He was a photographer to queens and divas, he chased Marilyn Monroe around her hotel room, intoxicating her with words and burning through three rolls of film. He was a costume designer, an Oscar-winning set designer, a socialite chronicler, an exhausted dandy, a mercurial artist.
This and much more was Cecil Beaton, who spanned the twentieth century and its many worlds. Beaton knew and photographed everyone, everyone knew Beaton and had their photographs taken by him: the British royals, Winston Churchill, Picasso, Greta Garbo, André Gide, Audrey Hepburn, Rudolf Nureyev, the Rolling Stones.
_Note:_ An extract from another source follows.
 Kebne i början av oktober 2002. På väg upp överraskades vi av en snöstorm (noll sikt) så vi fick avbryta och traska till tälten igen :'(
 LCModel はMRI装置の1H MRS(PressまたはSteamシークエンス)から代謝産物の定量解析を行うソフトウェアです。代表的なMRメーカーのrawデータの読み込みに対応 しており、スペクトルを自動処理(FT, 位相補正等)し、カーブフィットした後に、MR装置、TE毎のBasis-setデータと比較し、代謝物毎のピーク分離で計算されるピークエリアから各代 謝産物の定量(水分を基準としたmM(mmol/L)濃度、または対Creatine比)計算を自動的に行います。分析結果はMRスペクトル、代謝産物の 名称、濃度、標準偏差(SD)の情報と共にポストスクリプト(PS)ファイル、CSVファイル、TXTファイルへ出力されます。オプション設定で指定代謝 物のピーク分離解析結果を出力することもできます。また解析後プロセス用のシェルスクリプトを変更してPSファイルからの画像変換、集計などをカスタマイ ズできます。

Vain and subtle, fabulously gossipy and sometimes malicious, he recorded his existence, his art, his century in long diaries, from the Roaring Twenties to the din of war to the elegant disenchantment of old age.
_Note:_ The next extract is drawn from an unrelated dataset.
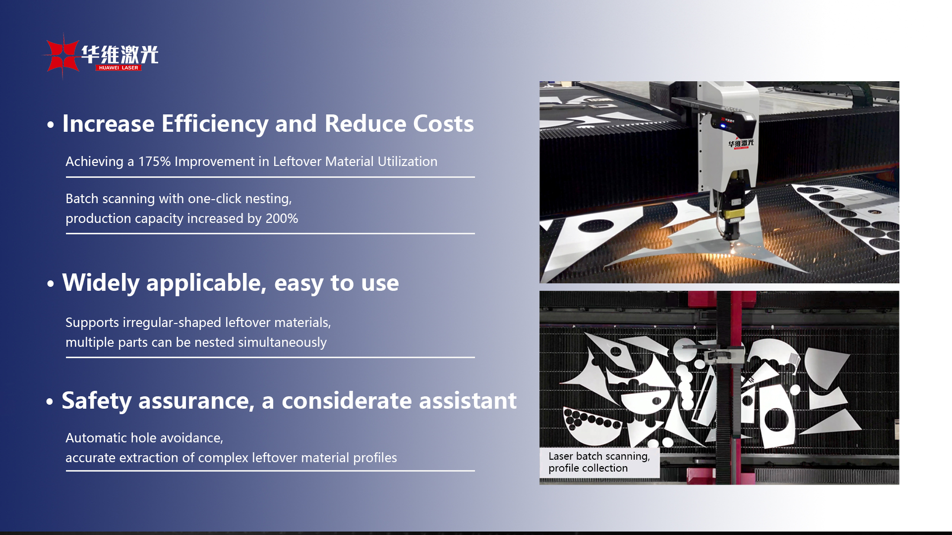 Μία από τις βασικές τεχνολογίες του συστήματος είναι η σάρωση παρτίδας λέιζερ και η αυτόματη σφαίρα. Χρησιμοποιώντας σάρωση με λέιζερ υψηλής ακρίβειας, το σύστημα μπορεί γρήγορα να σαρώσει υλικά θραύσης, να ψηφιοποιήσει τα δεδομένα και να εντοπίσει αυτόματα το σχήμα και τη θέση των θραυσμάτων, παρέχοντας ακριβείς πληροφορίες για την επακόλουθη φωλιά. Το σύστημα υποστηρίζει ένα κλικ αυτόματο-nesting, αυτόματα δημιουργώντας σχέδια φωλιάσματος. Αυτό όχι μόνο μειώνει τη χειροκίνητη παρέμβαση και βελτιώνει την ακρίβεια της φωλεοποίησης αλλά και ενισχύει τη χωρητικότητα της γραμμής παραγωγής κατά 200%. Αυτό το χαρακτηριστικό ενισχύει την αποτελεσματικότητα της παραγωγής και μειώνει σημαντικά τους κύκλους παραγωγής.

With a sharp and theatrical gaze on himself and his surroundings, he poured introspection and worldliness, irony and melancholy into his daily chronicles: behind the glittering receptions at Court and the luminous portraits of Dietrich, Chanel, or the young Elizabeth II, he let his vulnerability shine through, his obsession with beauty, which he struggled to free from the tyranny of time throughout his life.
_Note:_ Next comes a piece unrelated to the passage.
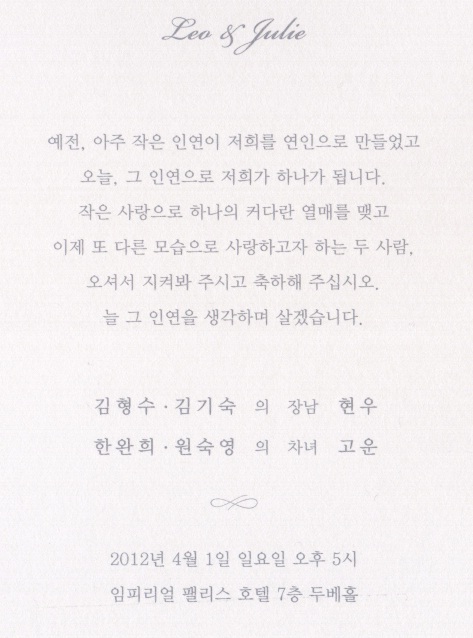 결혼 알림 - 김형수 장남 결혼, 4월1일(일)5시, 임페리얼팰리스호텔 7층 두베홀

From that stream of private writings, Laura Grandi has constructed, with empathy and intelligence, an autobiography of Sir Cecil Beaton like you’ve never read before: over fifty years of friendships, travels, extraordinary encounters, and creative adventures, told in the sophisticated and contradictory voice of a major figure in British culture. A moving portrait of an unrepeatable era.
The magnificent work of an eccentric and meticulous diarist, ever aware that art, like life, is a stage.